DESCRIPTION OF THE TASK -
Copying rule for the data below: pictures stay out, and only the lines from the one with "喜力啤酒 经典风味 全麦酿造 500*36罐 实惠装 京东自营踏春送礼" down to the one with "ボルドーのベロアプリーツデザインショートブルゾンが入荷です。", inclusive, are repeated exactly.
*** Opening of SUPPLIED MATERIAL ***
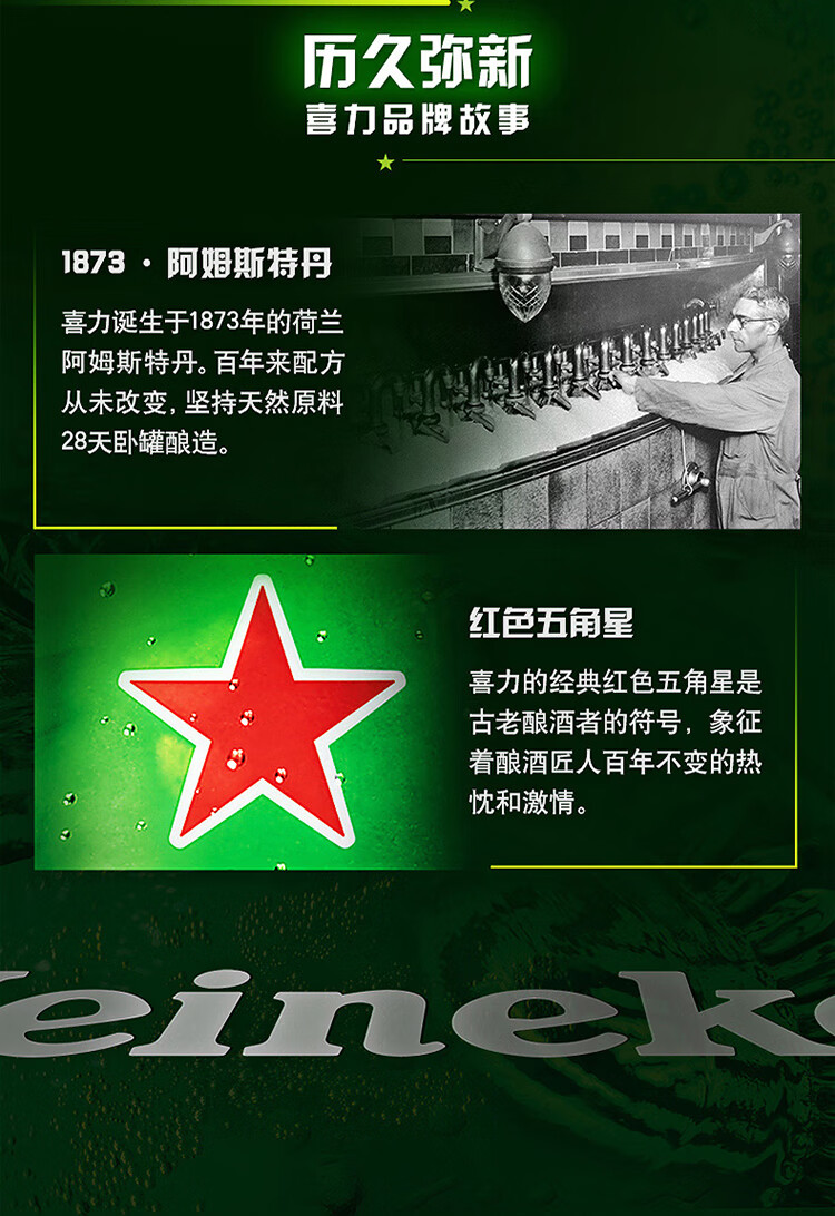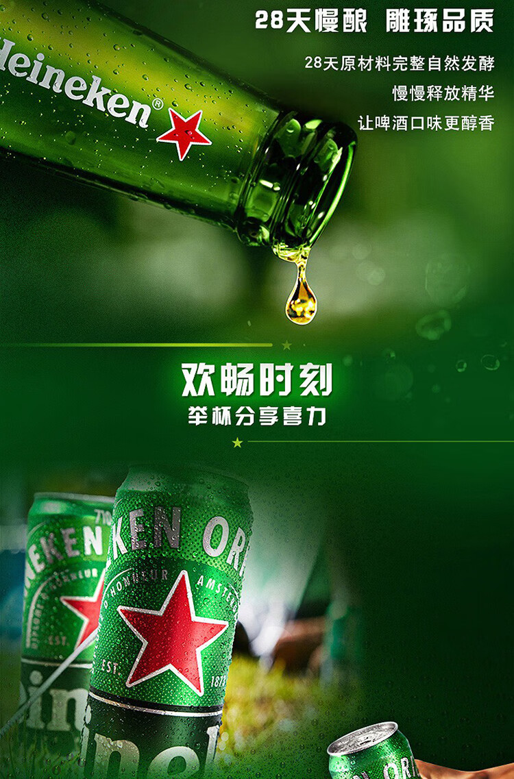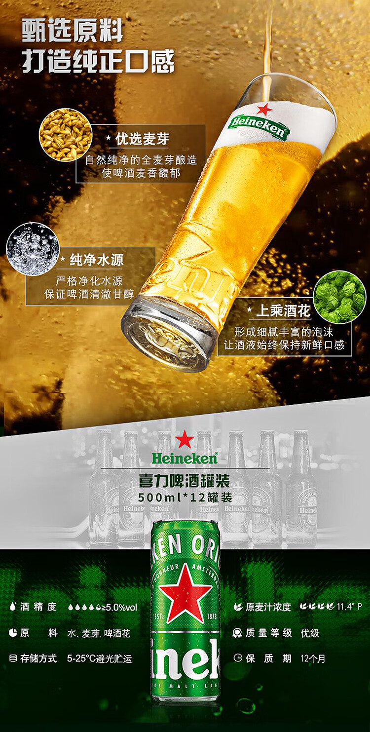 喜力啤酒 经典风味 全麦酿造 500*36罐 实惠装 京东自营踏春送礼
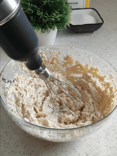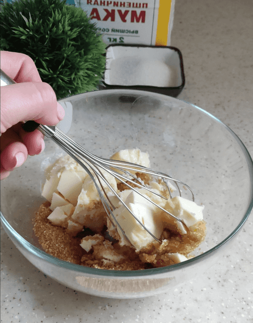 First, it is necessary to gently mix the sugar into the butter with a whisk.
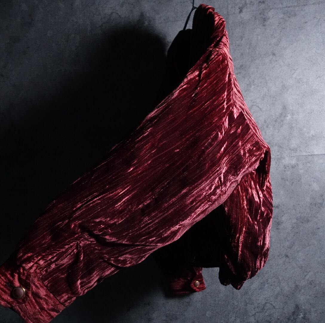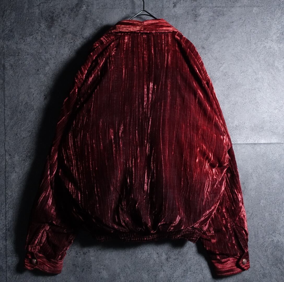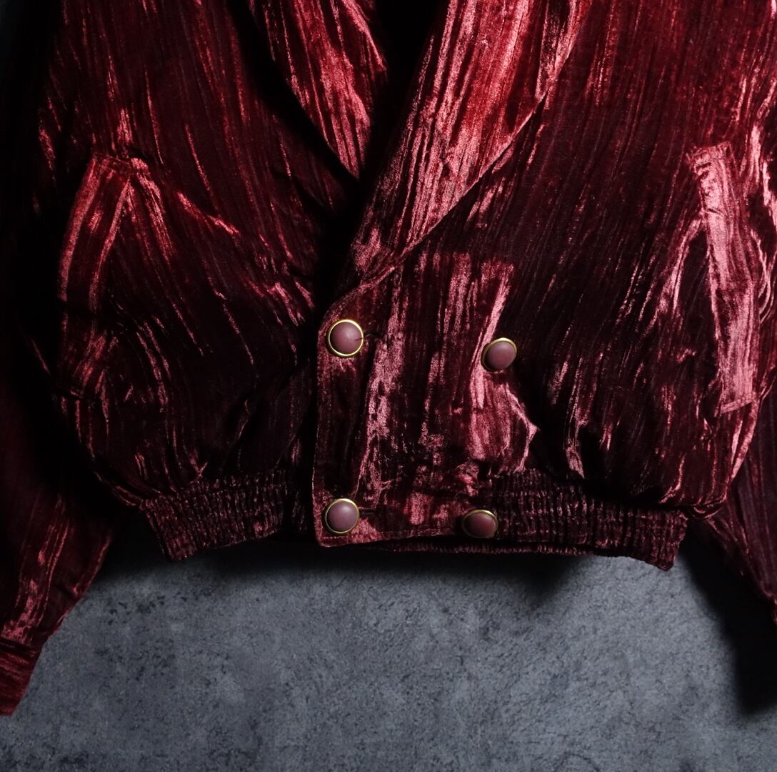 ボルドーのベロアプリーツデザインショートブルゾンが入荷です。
*** Close of SUPPLIED MATERIAL ***
*** Opening of SUPPLIED MATERIAL ***
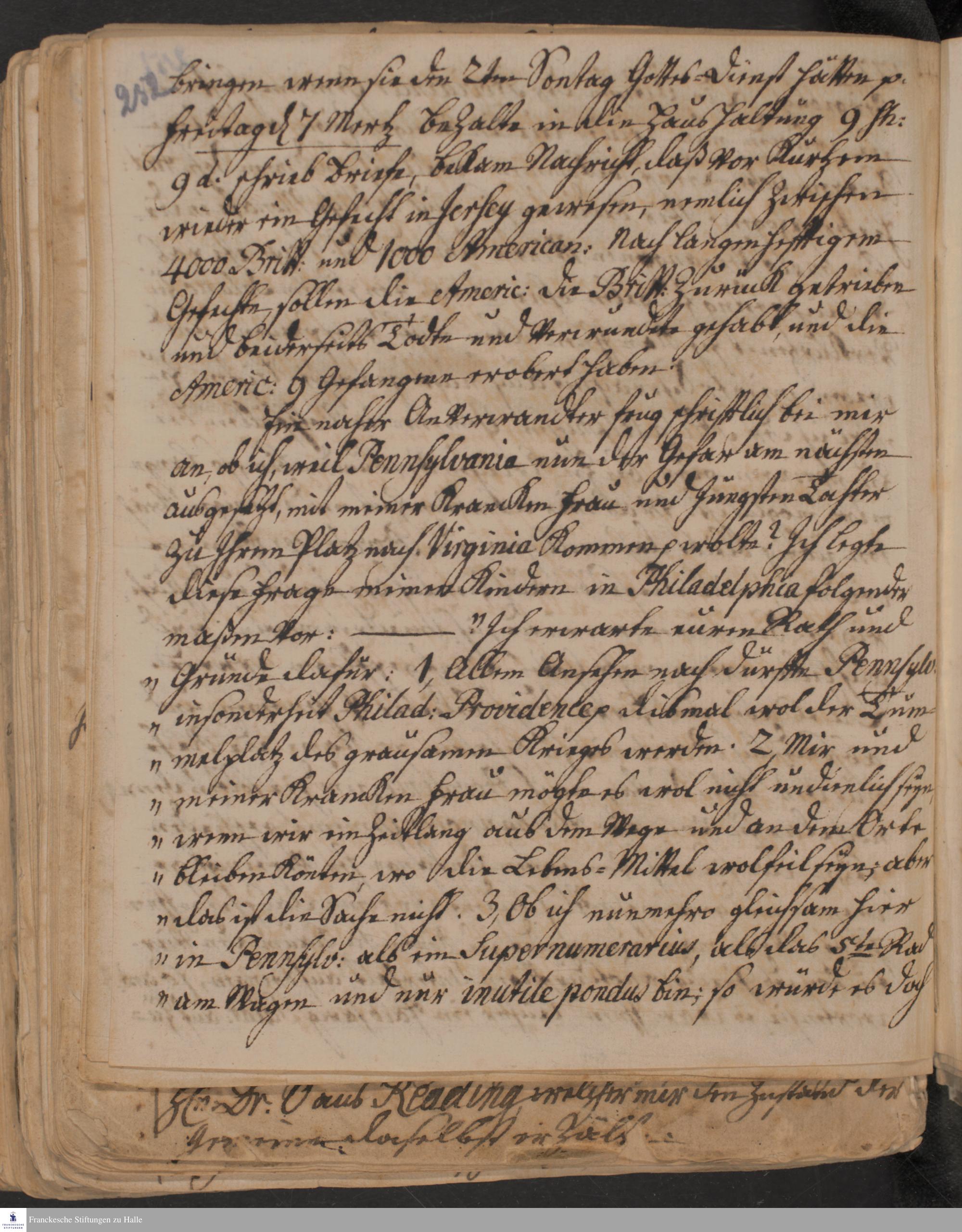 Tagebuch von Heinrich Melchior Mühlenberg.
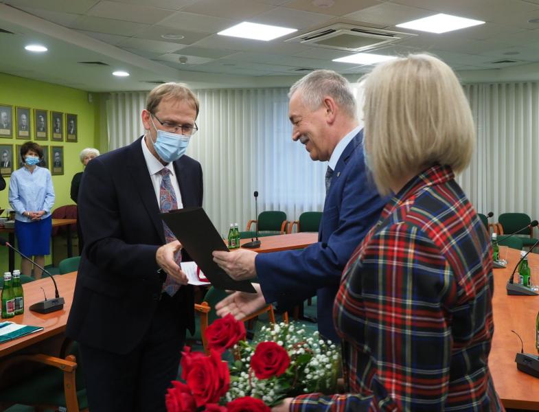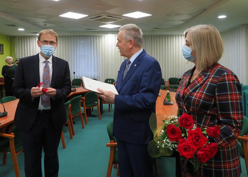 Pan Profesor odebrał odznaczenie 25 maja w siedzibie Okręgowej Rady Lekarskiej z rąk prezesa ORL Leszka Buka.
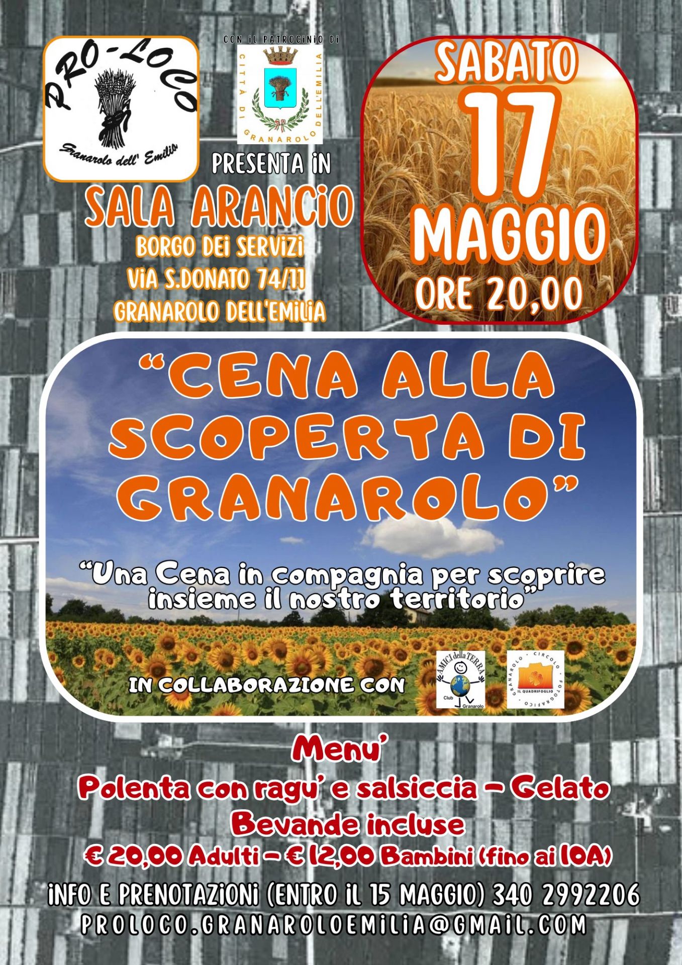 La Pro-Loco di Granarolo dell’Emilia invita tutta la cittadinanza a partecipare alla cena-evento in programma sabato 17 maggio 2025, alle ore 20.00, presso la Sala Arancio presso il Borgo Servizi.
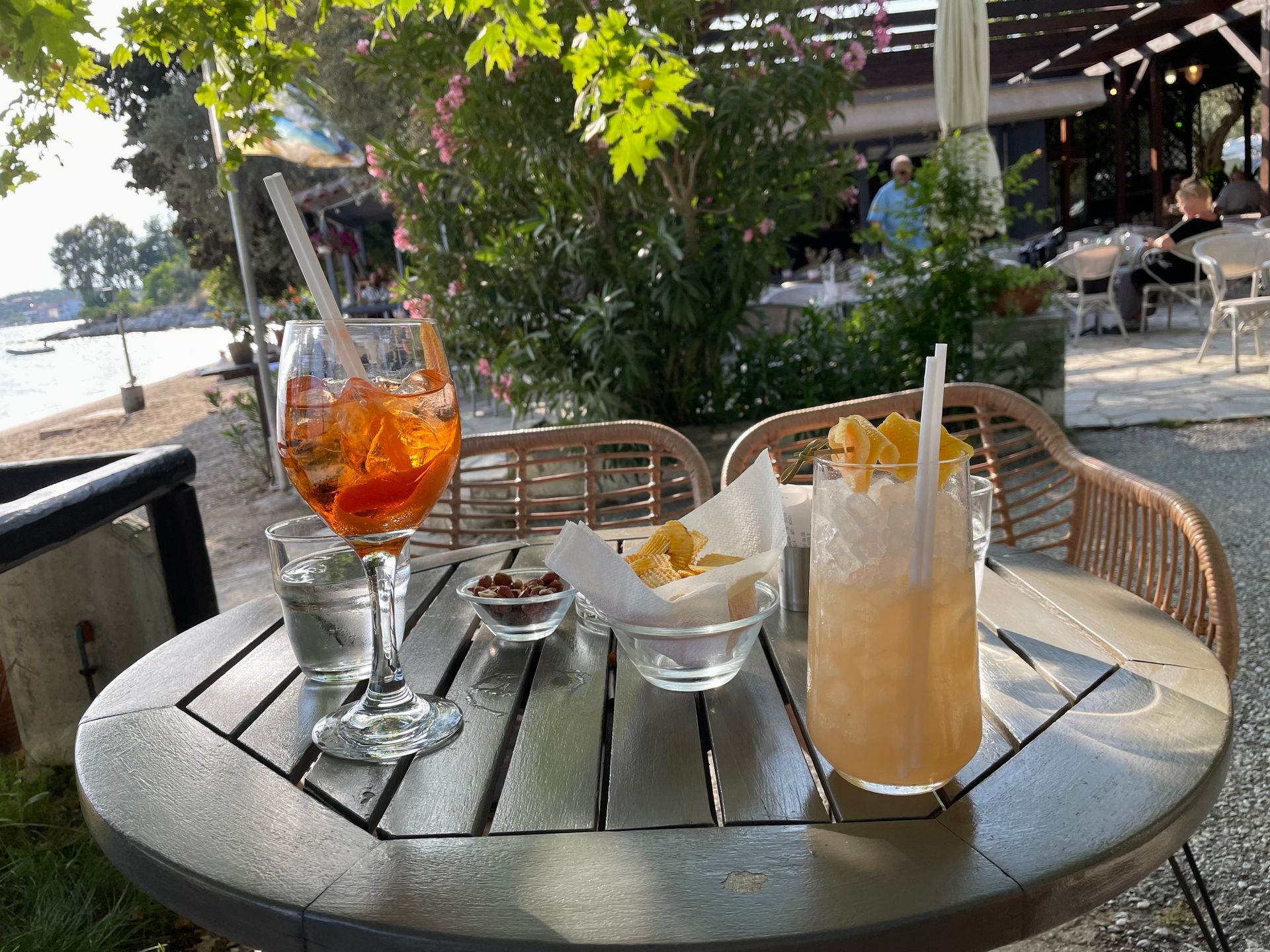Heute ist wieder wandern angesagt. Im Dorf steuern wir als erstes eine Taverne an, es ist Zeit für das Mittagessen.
*** Close of SUPPLIED MATERIAL ***
RESULT FOR THIS TASK -
 喜力啤酒 经典风味 全麦酿造 500*36罐 实惠装 京东自营踏春送礼
 First, it is necessary to gently mix the sugar into the butter with a whisk.
 ボルドーのベロアプリーツデザインショートブルゾンが入荷です。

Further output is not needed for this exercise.